▶ [SOURCE DATA]:
────────────────

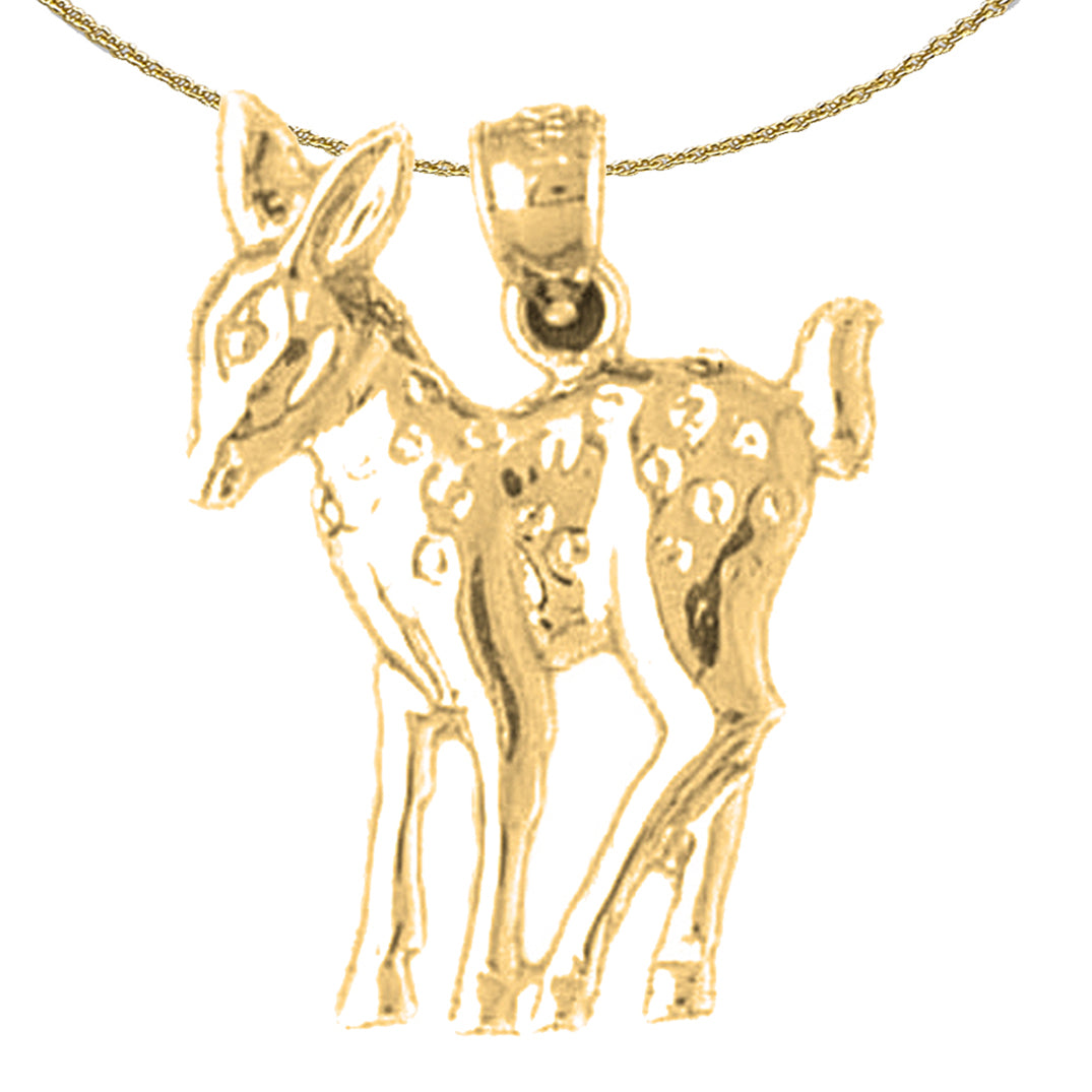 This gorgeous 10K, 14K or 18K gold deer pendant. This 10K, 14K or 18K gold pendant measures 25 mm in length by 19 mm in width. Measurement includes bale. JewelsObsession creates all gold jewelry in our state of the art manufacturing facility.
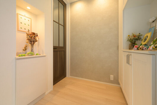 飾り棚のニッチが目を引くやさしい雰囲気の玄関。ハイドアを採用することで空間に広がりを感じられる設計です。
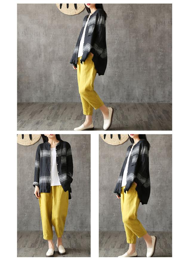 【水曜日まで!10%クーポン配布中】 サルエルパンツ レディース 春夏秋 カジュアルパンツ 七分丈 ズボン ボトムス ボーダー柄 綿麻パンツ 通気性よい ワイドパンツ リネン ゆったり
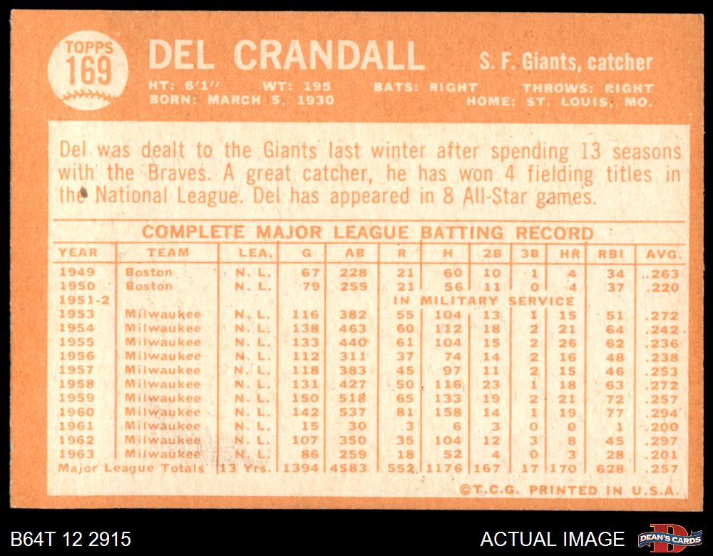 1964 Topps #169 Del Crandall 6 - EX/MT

────────────────

▶ [EXERCISE DETAILS]: Retype word for word all the material given above, and keep the pictures out.

▶ [ANSWER]:
 This gorgeous 10K, 14K or 18K gold deer pendant. This 10K, 14K or 18K gold pendant measures 25 mm in length by 19 mm in width. Measurement includes bale. JewelsObsession creates all gold jewelry in our state of the art manufacturing facility.
 飾り棚のニッチが目を引くやさしい雰囲気の玄関。ハイドアを採用することで空間に広がりを感じられる設計です。
 【水曜日まで!10%クーポン配布中】 サルエルパンツ レディース 春夏秋 カジュアルパンツ 七分丈 ズボン ボトムス ボーダー柄 綿麻パンツ 通気性よい ワイドパンツ リネン ゆったり
 1964 Topps #169 Del Crandall 6 - EX/MT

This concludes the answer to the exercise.